Москва объявила, что во время третьего президентского срока Владимира Путина она будет продвигать свои интересы за границей при помощи «мягкой силы». Однако представляется, что «soft power» имеет к концепции российской внешней политики такое же отношение, как некогда благосостояние рабочего класса к планам пятилетки.
«Мягкая сила» в XXI веке стала для многих государств одним из важнейших инструментов реализации внешней политики. Она необычайно эффективна, когда речь идет о завоевании очков в таких сферах, в которых традиционные методы даже самой тонкой и опытной дипломатии не приносят и в принципе не могут принести плодов.
Между тем российские стратеги понимают «мягкую силу», скорее в категориях «доктрины Брежнева», работавшей на самом закоснелом этапе существования СССР, чем пропагандировавшейся пресс-секретарем Горбачева «доктрины Синатры» (название которой происходит от песни My way), согласно которой каждое государство соцлагеря могло идти своим путем.
Читайте также: Депардьески-гейт и глобальный курс России
Привыкшие к авторитарным методам российские дипломаты, ultima ratio для которых остается страх перед организованным нападением, не способны понять, что мягкая сила отличается от жесткой не количественно, а качественно. С их точки зрения принцип soft power заключается в том, чтобы добиваться выгодных для России решений путем чуть более мягкого, чем методы советской и постсоветской дипломатии, давления. Для стратегов, которые привыкли претворять в жизнь поставленные перед ними задачи, активно поддерживая сепаратизм (Молдавия), прибегая к энергетическому шантажу (Украина), военному вторжению (Грузия) или устраивая кибератаки (Эстония), «мягкая сила» - понятие чуждое и означает лишь дополнение прежних методов новым фразеологическим оборотом без фундаментального их пересмотра. Это просто вынужденный обстоятельствами отказ от «жесткой» силы, а не новое качество продвижения в мире собственных интересов.

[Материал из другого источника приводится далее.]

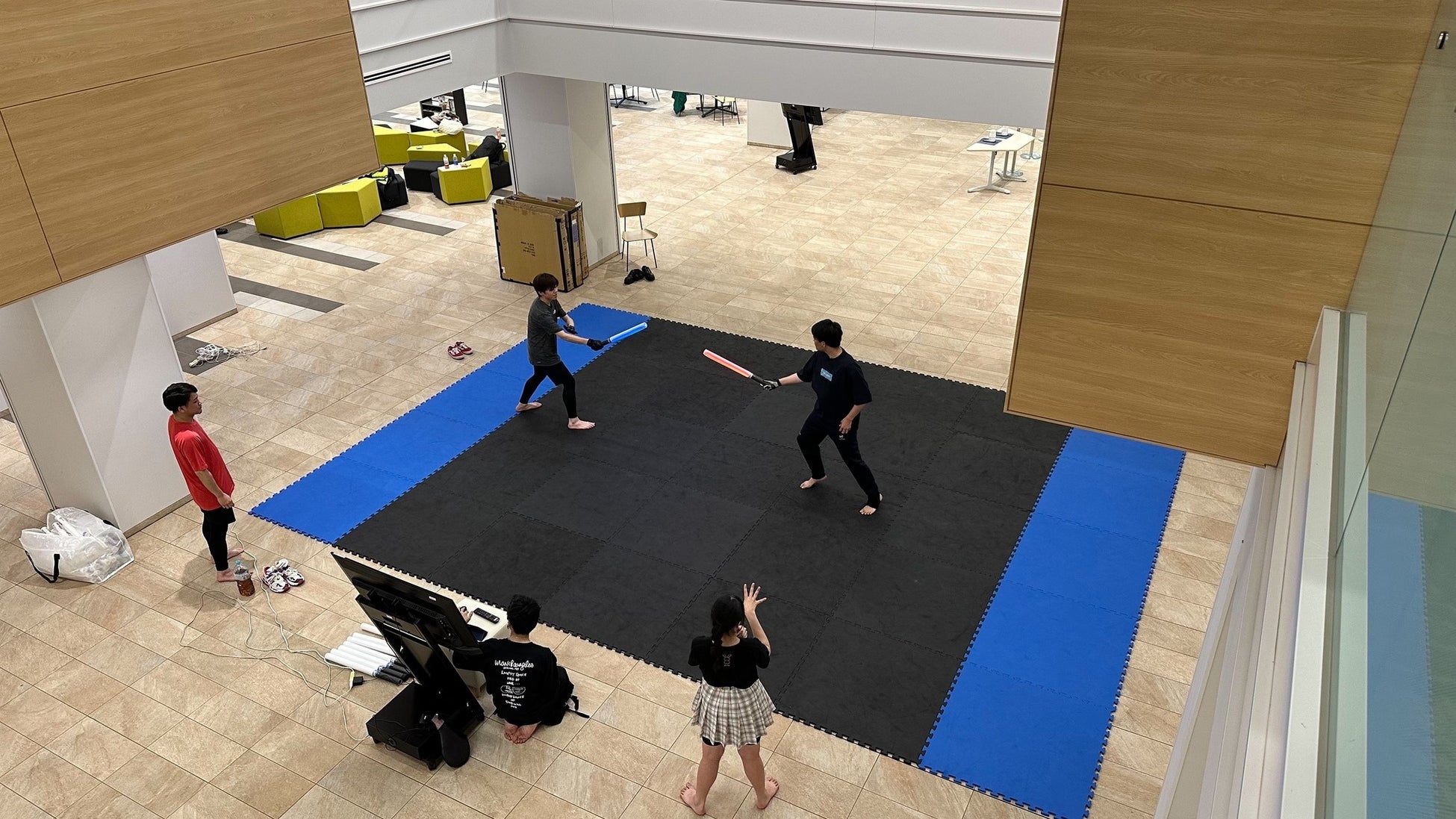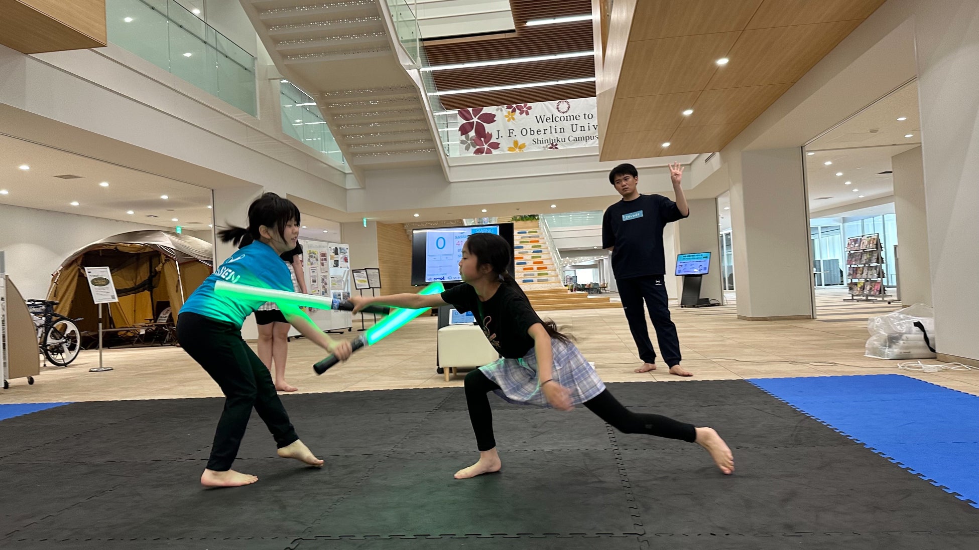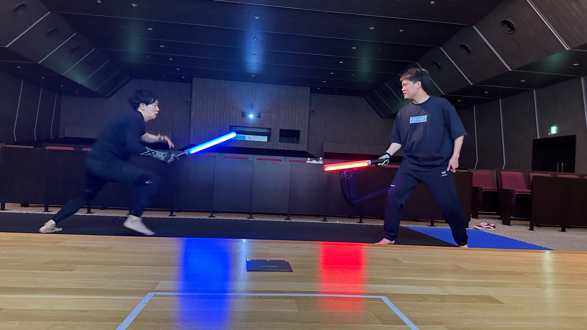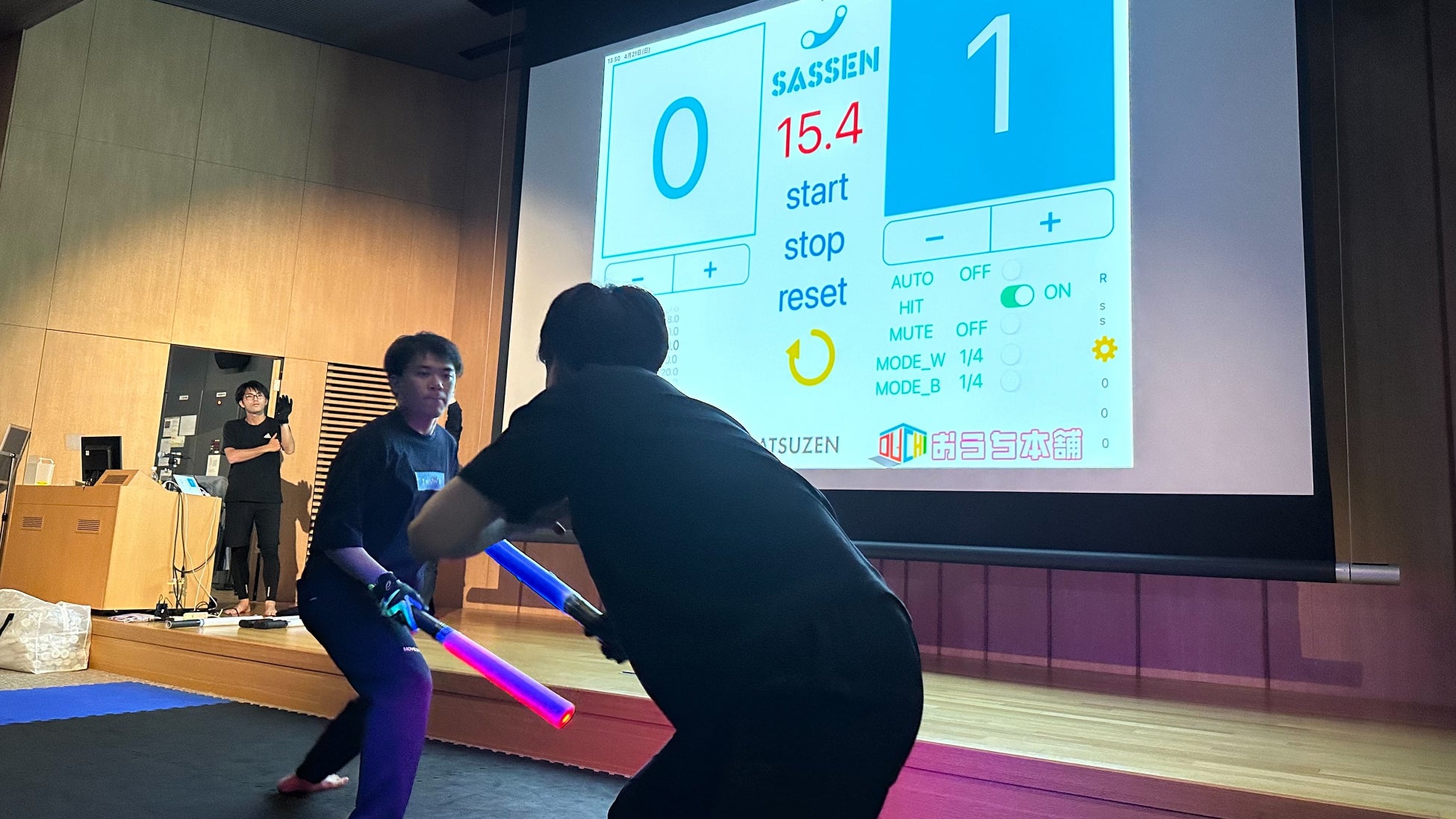次世代のデジタルチャンバラのようなスポーツで、センサー内蔵のLED刀は、Bluetoothで専用アプリと連動し、どちらが先に当てたのかを正確に機械判定します。スマートフォン一台あれば、正確な判定が可能です。

Принимая во внимание образ мышления российского истеблишмента, можно сказать, что попытки обогащения арсенала российской внешней политики элементами soft power обречены на провал. Это нематериальный параметр: государство может быть привлекательным или непривлекательным, как тот или иной человек, но оно не может заставить поверить в свою привлекательность указом или силой. В данном контексте положения российской концепции напоминают действия Нурсултана Назарбаева, который перед началом председательства Казахстана в ОБСЕ в рамках приведения своего государства к европейским стандартам издал указ, по которому в стране «учреждалось» гражданское общество.
Также по теме: Список Путина
Сущность «мягкой силы» заключается в том, что руководящие органы, население и отдельные граждане других стран (осознанно или нет, но в любом случае добровольно) начинают связывать собственные потребности с интересами конкретной страны или организации. Самый яркий и ставший уже классическим пример конфликта традиционного российского мышления о международной политике с сутью функционирования «мягкой силы» - это знаменитый вопрос Сталина «сколько дивизий у Папы римского?»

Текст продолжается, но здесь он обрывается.